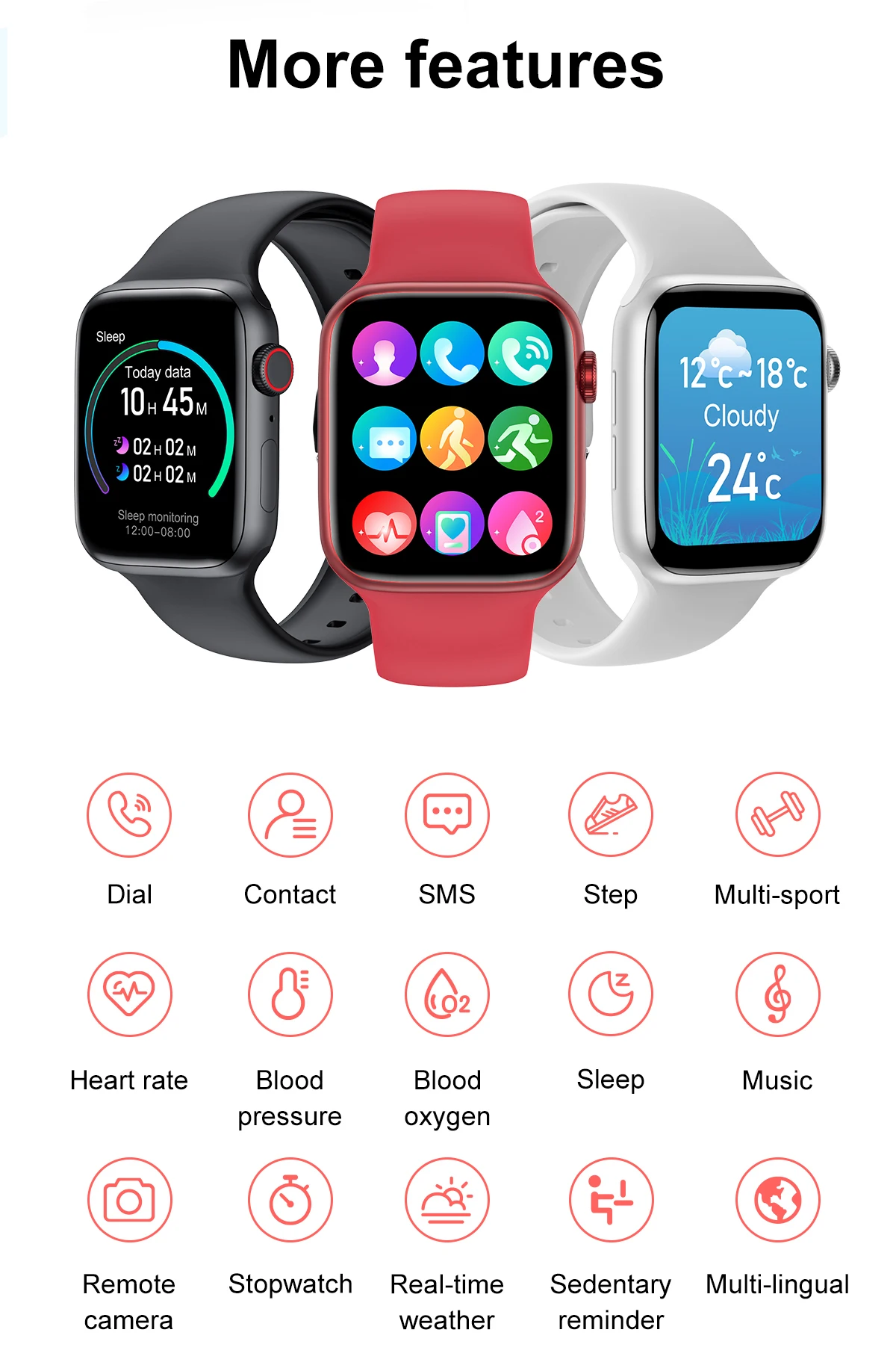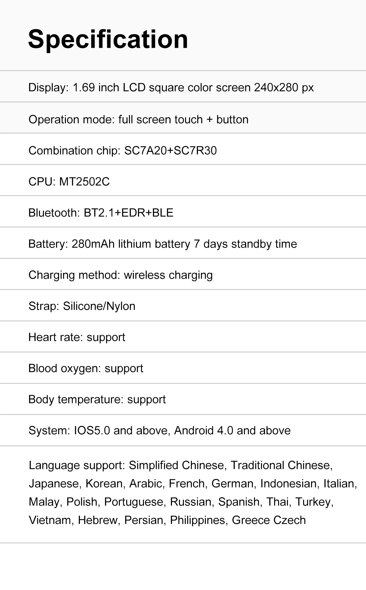 Совместимость с Android и iOS Система Мобильный телефон требует IOS 5,0 и выше или Android 4,0 и выше Вызов Bluetooth После мобильный телефон и подключения приложения часов можно совершать звонки по Bluetooth и звонки непосредственно на стороне часов. Язык Японский, корейский, арабский, французский, немецкий, индонезийский, итальянский, малайский, польский, португальский, русский, испанский, тайский, турецкий, Вьетнам, иврит, персидский, Филиппины, Греция, чехия, Украина Сделай Сам циферблат После того, как телефон и приложение для часов подключены, изображение на телефоне можно установить как шаблон экрана часов. IP67 водонепроницаемый Водонепроницаемые часы поддерживают только ежедневную ручную стирку, потливость или брызги дождя и т. д. снимите часы во время плавания, дайвинга или купания. Напоминание о сообщении Поддержка уведомления о сообщениях о программном обеспечении связи, таком как SMS, Facebook, Twitter, line, WhatsApp, Skype, Instagram, Kakao Talk и т. д. Дополнительные функции -- Мониторинг нескольких режимов упражнений -- Управление музыкой по Bluetooth -- Мониторинг сердечного ритма -- Мониторинг уровня кислорода в крови -- Контроль температуры тела -- Мониторинг сна -- Будильник -- Календарь -- Калькулятор -- Удаленная камера -- Уведомление о погоде
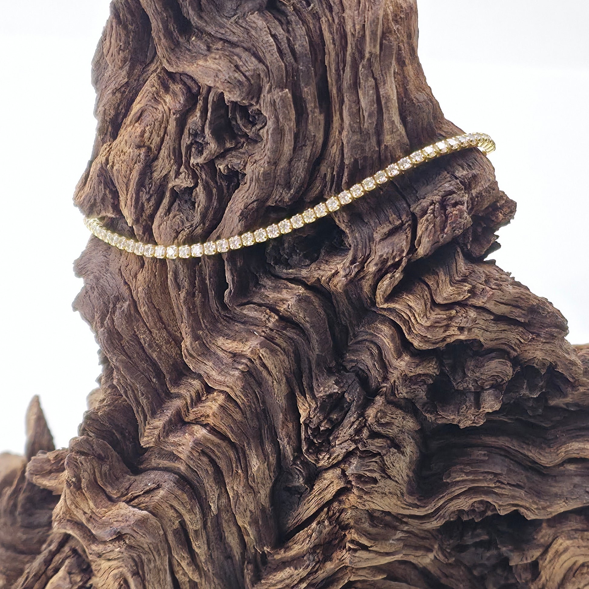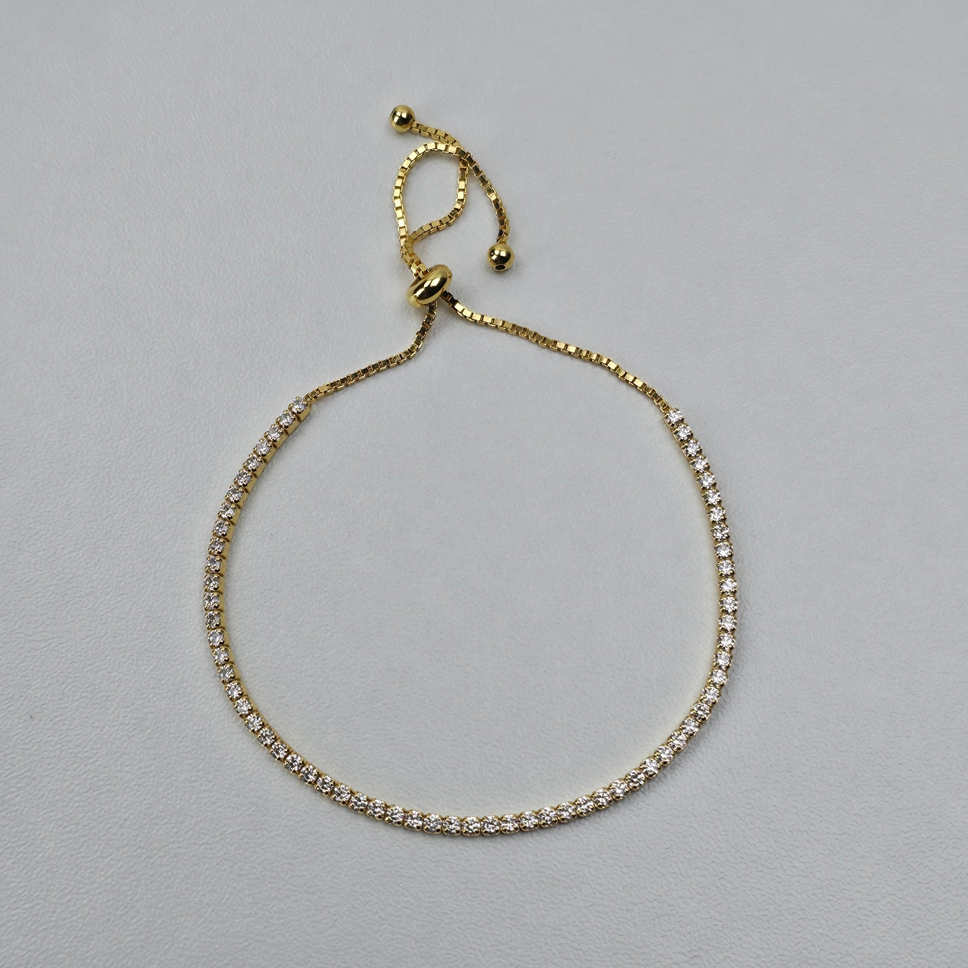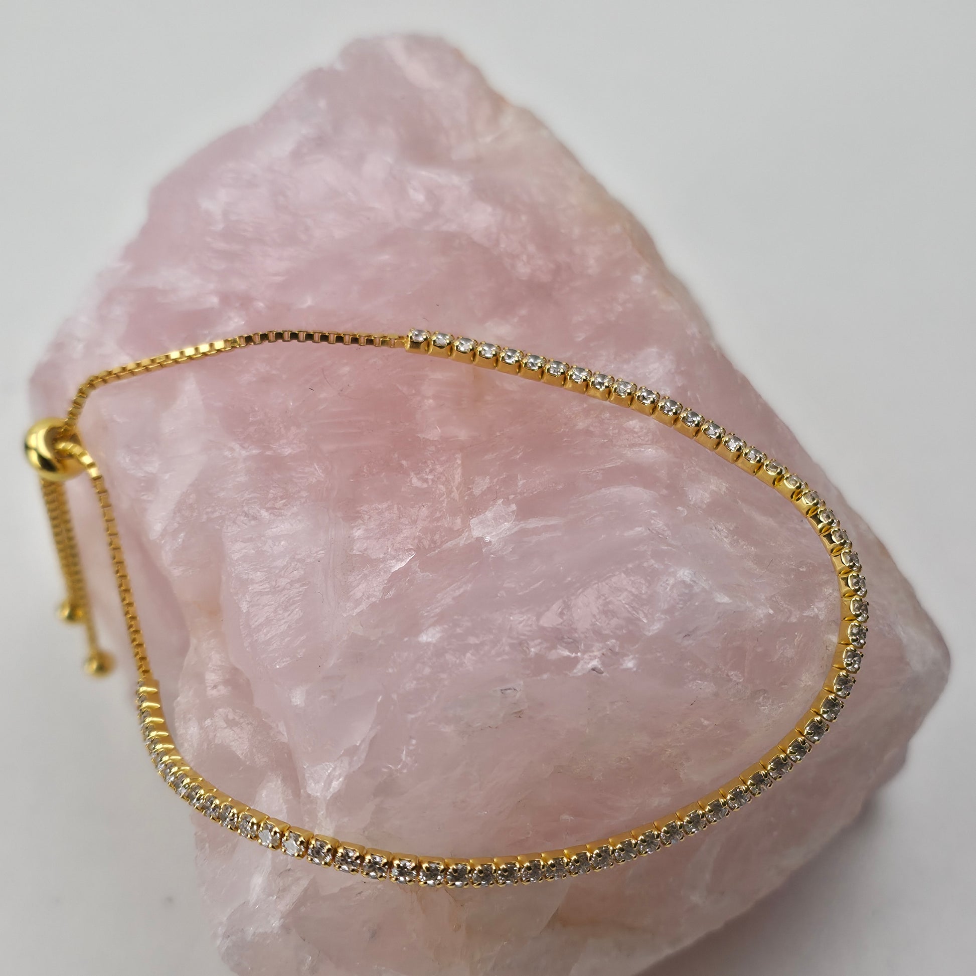 Waarom jij dit gaat waarderen: • Klassiek tennisarmband design met moderne uitstraling • Rij fonkelende strass-steentjes voor subtiele glamour • Goudkleurige afwerking die warmte en luxe uitstraalt • Verstelbaar schuifslot voor een perfecte pasvorm • Tijdloos accessoire dat moeiteloos combineert met elke stijl
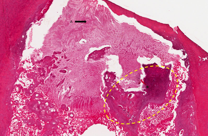 Corte histológico de dente decíduo, mostrando câmara pulpar aberta e recoberta parcialmente por material restaurador (capeamento) (Seta A). Nota-se pequena área de exposição pulpar. Abaixo do material de capeamento, observa-se formação de dentina terciária (osteodentina) (tracejado amarelo) e piócitos (supuração) (asteriscos amarelos) o qual se concentra na área mais superficial. No restante da polpa, observa-se intenso infiltrado inflamatório com predomínio de macrófagos espumosos. Na dentina da porção radicular, pode ser identificada reabsorção interna evidenciada pela ausência da camada de odontoblastos e de pré-dentina associada a presença de células clásticas na interface dentina-polpa, sendo estas as responsáveis pela reabsorção da dentina. Observamos também áreas de reabsorção externa e reabsorção externa compensada.
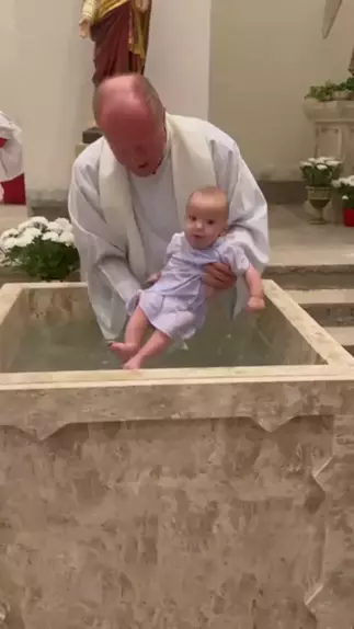 padre batizando criança feliz #batismo #sorriapravida # #bebesfofos #padre #Criança #
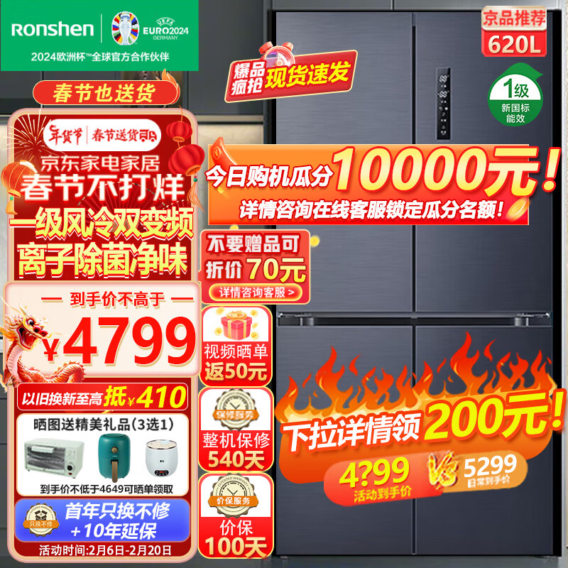 容声(Ronshen)【水蓝光系列】620升冰箱四开门十字对开门家用一级能效变频风冷除菌净味全生态养鲜BCD-620WD19FP价格:4799.00元!
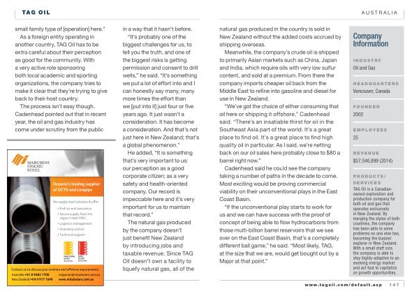 small family type of [ operation ] here .” As a foreign entity operating in another country , TAG Oil has to be extra careful about their perception as good for the community . With a very active role sponsoring both local academic and sporting organizations , the company tries to make it clear that they ’ re trying to give back to their host country .
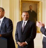 President Barack Obama announces Mayor Anthony Foxx, of Charlotte, N.C., as his nominee for Transportation Secretary, in the East Room of the White House, April …
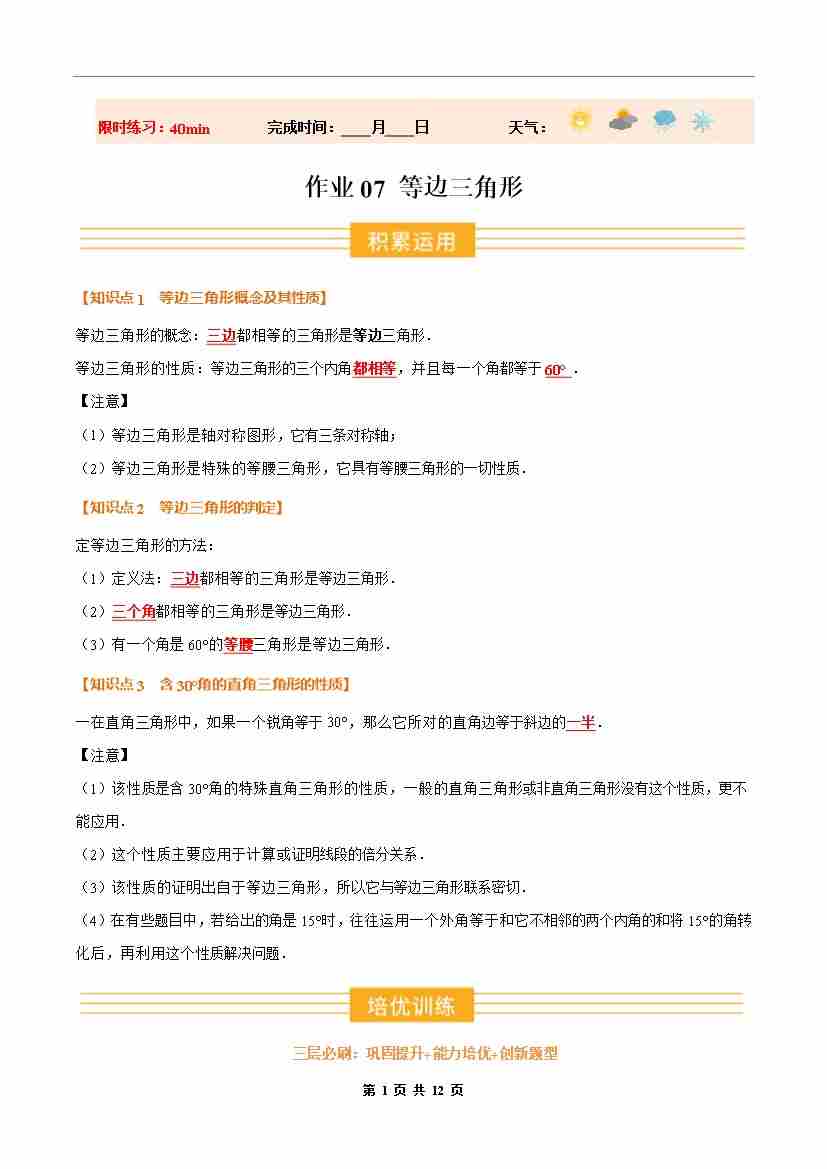 ③寒假培优练-专题07 等边三角形(巩固培优)(学生版)-2026年八年级数学寒假衔接讲练 (人教版-新教材)
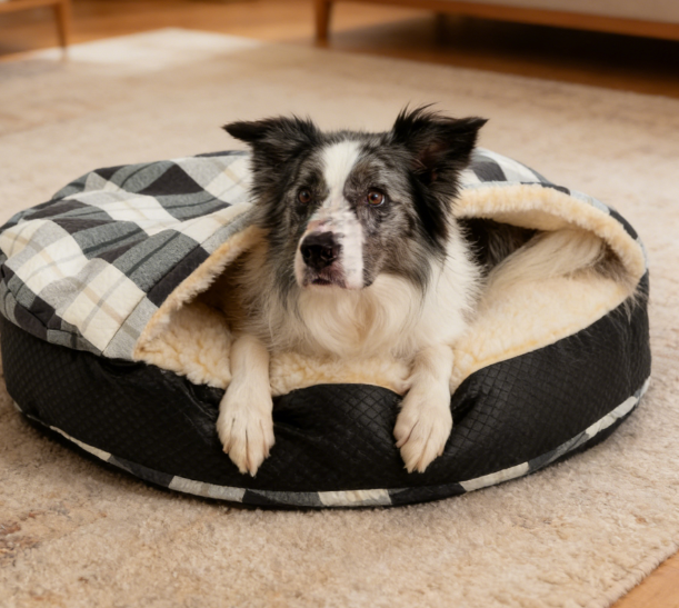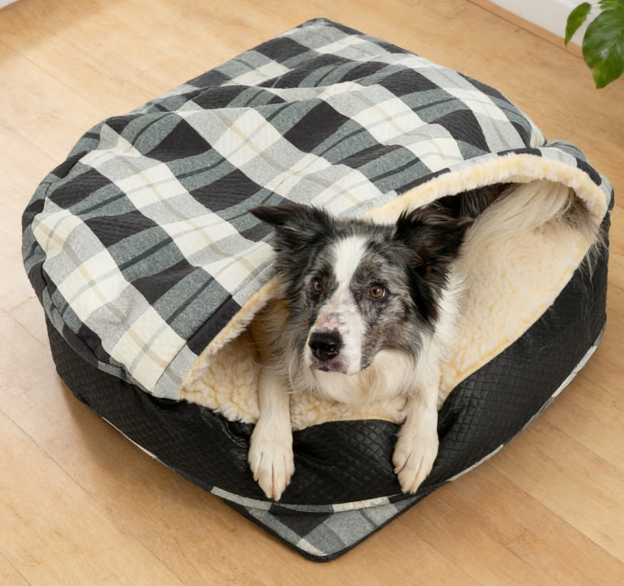 • This hooded dog bed design allows your dog to sleep nestled between soft lambskin-like lining, enjoying the comfort and warmth of being snuggled up.
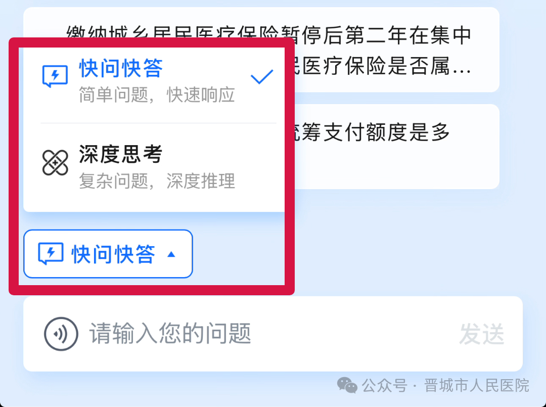适用于较为简单的问题,AI思考时间更短,生成回答速度更快。例如:城乡居民基本医保门诊慢特病报销比例是多少;城乡居民基本医保最高报销多少等,都可使用“快问快答”模式快速解答问题。
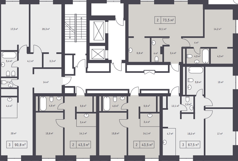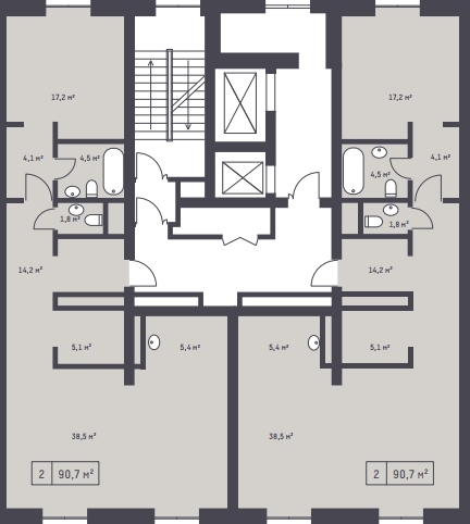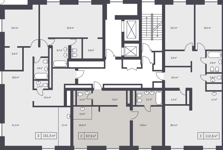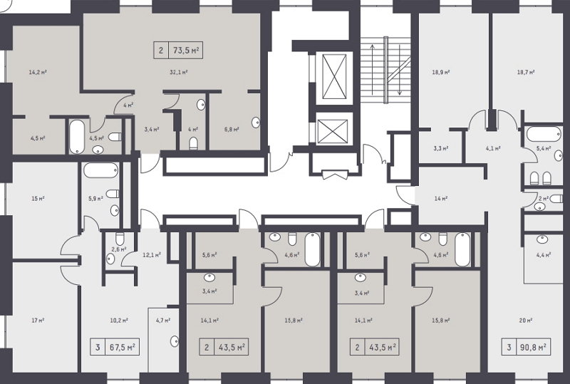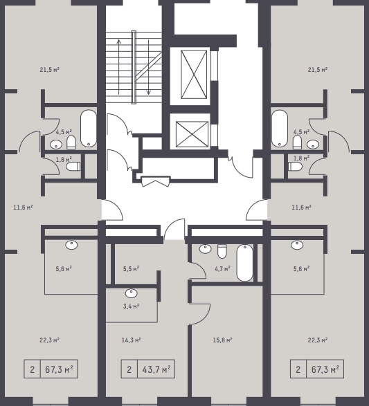 Верхние этажи здания отведены под восемь пентхаусов с увеличенными потолками и возможностью установки «второго света».

________________________

Your task. The goal is an exact reprint of the entries, leaving out the pictures.

Answer to the problem.
 Совместимость с Android и iOS Система Мобильный телефон требует IOS 5,0 и выше или Android 4,0 и выше Вызов Bluetooth После мобильный телефон и подключения приложения часов можно совершать звонки по Bluetooth и звонки непосредственно на стороне часов. Язык Японский, корейский, арабский, французский, немецкий, индонезийский, итальянский, малайский, польский, португальский, русский, испанский, тайский, турецкий, Вьетнам, иврит, персидский, Филиппины, Греция, чехия, Украина Сделай Сам циферблат После того, как телефон и приложение для часов подключены, изображение на телефоне можно установить как шаблон экрана часов. IP67 водонепроницаемый Водонепроницаемые часы поддерживают только ежедневную ручную стирку, потливость или брызги дождя и т. д. снимите часы во время плавания, дайвинга или купания. Напоминание о сообщении Поддержка уведомления о сообщениях о программном обеспечении связи, таком как SMS, Facebook, Twitter, line, WhatsApp, Skype, Instagram, Kakao Talk и т. д. Дополнительные функции -- Мониторинг нескольких режимов упражнений -- Управление музыкой по Bluetooth -- Мониторинг сердечного ритма -- Мониторинг уровня кислорода в крови -- Контроль температуры тела -- Мониторинг сна -- Будильник -- Календарь -- Калькулятор -- Удаленная камера -- Уведомление о погоде
 Waarom jij dit gaat waarderen: • Klassiek tennisarmband design met moderne uitstraling • Rij fonkelende strass-steentjes voor subtiele glamour • Goudkleurige afwerking die warmte en luxe uitstraalt • Verstelbaar schuifslot voor een perfecte pasvorm • Tijdloos accessoire dat moeiteloos combineert met elke stijl
 Corte histológico de dente decíduo, mostrando câmara pulpar aberta e recoberta parcialmente por material restaurador (capeamento) (Seta A). Nota-se pequena área de exposição pulpar. Abaixo do material de capeamento, observa-se formação de dentina terciária (osteodentina) (tracejado amarelo) e piócitos (supuração) (asteriscos amarelos) o qual se concentra na área mais superficial. No restante da polpa, observa-se intenso infiltrado inflamatório com predomínio de macrófagos espumosos. Na dentina da porção radicular, pode ser identificada reabsorção interna evidenciada pela ausência da camada de odontoblastos e de pré-dentina associada a presença de células clásticas na interface dentina-polpa, sendo estas as responsáveis pela reabsorção da dentina. Observamos também áreas de reabsorção externa e reabsorção externa compensada.
 padre batizando criança feliz #batismo #sorriapravida # #bebesfofos #padre #Criança #
 容声(Ronshen)【水蓝光系列】620升冰箱四开门十字对开门家用一级能效变频风冷除菌净味全生态养鲜BCD-620WD19FP价格:4799.00元!
 small family type of [ operation ] here .” As a foreign entity operating in another country , TAG Oil has to be extra careful about their perception as good for the community . With a very active role sponsoring both local academic and sporting organizations , the company tries to make it clear that they ’ re trying to give back to their host country .
 President Barack Obama announces Mayor Anthony Foxx, of Charlotte, N.C., as his nominee for Transportation Secretary, in the East Room of the White House, April …
 ③寒假培优练-专题07 等边三角形(巩固培优)(学生版)-2026年八年级数学寒假衔接讲练 (人教版-新教材)
 • This hooded dog bed design allows your dog to sleep nestled between soft lambskin-like lining, enjoying the comfort and warmth of being snuggled up.
适用于较为简单的问题,AI思考时间更短,生成回答速度更快。例如:城乡居民基本医保门诊慢特病报销比例是多少;城乡居民基本医保最高报销多少等,都可使用“快问快答”模式快速解答问题。
 Верхние этажи здания отведены под восемь пентхаусов с увеличенными потолками и возможностью установки «второго света».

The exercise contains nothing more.